== RECORDS

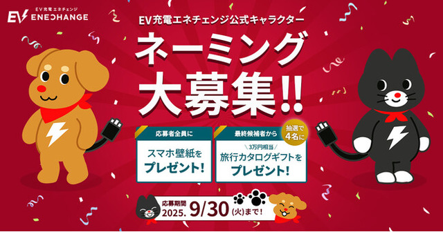 あわせて、本日よりキャラクターの名前を全国から募集するキャンペーン「EV充電エネチェンジ公式キャラクター ネーミング大募集」を開始いたします。ご応募いただいた方全員にスマートフォン用オリジナル壁紙をプレゼントし、さらに抽選で旅行カタログギフトが当たる特典もご用意しています。
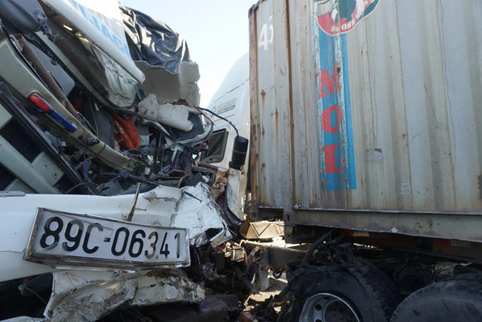 Vụ tai nạn khiến phần đầu 2 chiếc xe hư hỏng nặng, tài xế xe tải Trần Quốc T. tử vong, phụ xe tải là anh Trịnh Huy T. (SN 1982, huyện Yên Mỹ, tỉnh Hưng Yên) và tài xế xe container bị thương nặng.
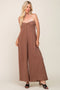 A knit jumpsuit that is strapless with a sweetheart neckline, front twist top, a smocked back, side pockets, and wide leg pants.
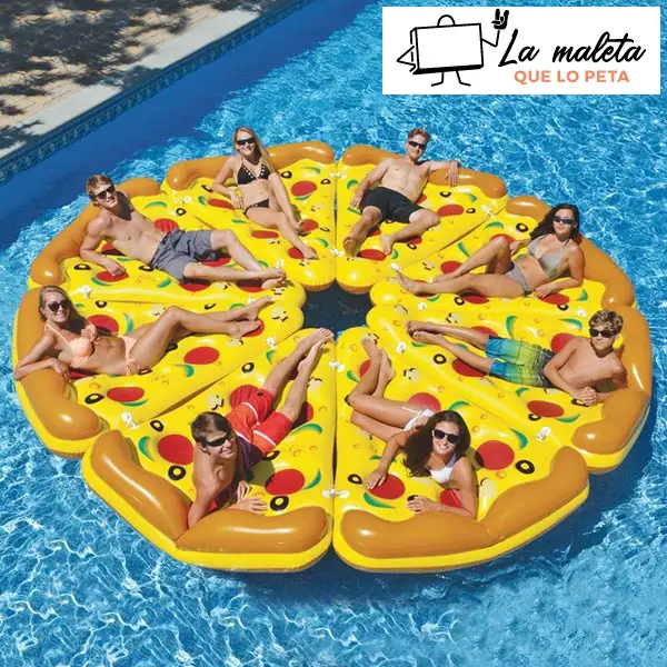 - Divertida colchoneta con diseño de porción de pizza deliciosa donde poder flotar cómodamente. Es el complemento que necesitas para tus fiestas en la piscina o en el mar
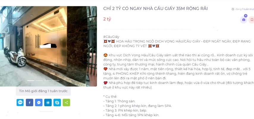 Ngại dịch bệnh đi lại, chị Hà đã lên mạng tìm hiểu các thông tin rao bán và gọi cho môi giới đăng tin để tìm hiểu cụ thể. Cảm thấy ưng một căn nhà 5 tầng, diện tích 35m2 rao bán giá 2 tỷ đồng ở Dịch Vọng (Cầu Giấy), chị Hà đã gọi cho môi giới để hỏi kỹ hơn. Khi ấy, chị lại được môi giới báo giá tăng thêm gần 1 tỷ đồng so với giá rao ở thông tin môi giới đăng. Mức giá đó vượt quá khả năng tài chính của hai vợ chồng nên chị Hà đã quyết định không đến xem trực tiếp.
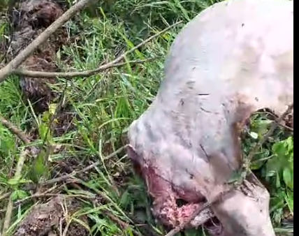 Na manhã desta segunda-feira (27), um morador da comunidade Baturité, localizada às margens do rio Iaco, zona rural de Sena Madureira, no Acre, encontrou um bezerro de sua propriedade morto e parcialmente devorado. O produtor acredita que o animal foi atacado por uma onça-pintada, que teria arrastado a presa para próximo da mata antes de devorá-la parcialmente.
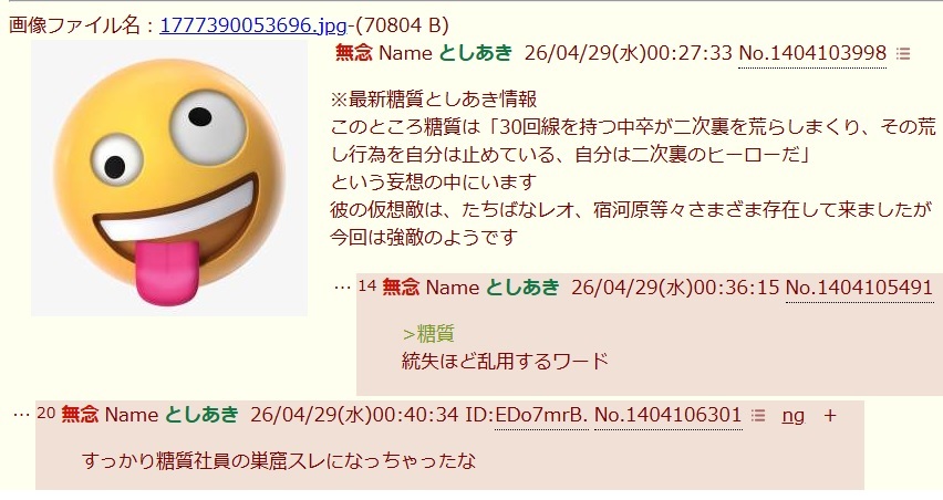 | … | 37無念Nameとしあき26/04/29(水)11:18:41No.1404162923そうだねx3>糖質は造語使いたがるから |

====

**WORK TO BE COMPLETED:**
Everything from the first line of the records through the line containing "Ngại dịch bệnh" should be reproduced exactly, apart from the pictures.

**RESPONSE TO THE TASK:**
 あわせて、本日よりキャラクターの名前を全国から募集するキャンペーン「EV充電エネチェンジ公式キャラクター ネーミング大募集」を開始いたします。ご応募いただいた方全員にスマートフォン用オリジナル壁紙をプレゼントし、さらに抽選で旅行カタログギフトが当たる特典もご用意しています。
 Vụ tai nạn khiến phần đầu 2 chiếc xe hư hỏng nặng, tài xế xe tải Trần Quốc T. tử vong, phụ xe tải là anh Trịnh Huy T. (SN 1982, huyện Yên Mỹ, tỉnh Hưng Yên) và tài xế xe container bị thương nặng.
 A knit jumpsuit that is strapless with a sweetheart neckline, front twist top, a smocked back, side pockets, and wide leg pants.
 - Divertida colchoneta con diseño de porción de pizza deliciosa donde poder flotar cómodamente. Es el complemento que necesitas para tus fiestas en la piscina o en el mar
 Ngại dịch bệnh đi lại, chị Hà đã lên mạng tìm hiểu các thông tin rao bán và gọi cho môi giới đăng tin để tìm hiểu cụ thể. Cảm thấy ưng một căn nhà 5 tầng, diện tích 35m2 rao bán giá 2 tỷ đồng ở Dịch Vọng (Cầu Giấy), chị Hà đã gọi cho môi giới để hỏi kỹ hơn. Khi ấy, chị lại được môi giới báo giá tăng thêm gần 1 tỷ đồng so với giá rao ở thông tin môi giới đăng. Mức giá đó vượt quá khả năng tài chính của hai vợ chồng nên chị Hà đã quyết định không đến xem trực tiếp.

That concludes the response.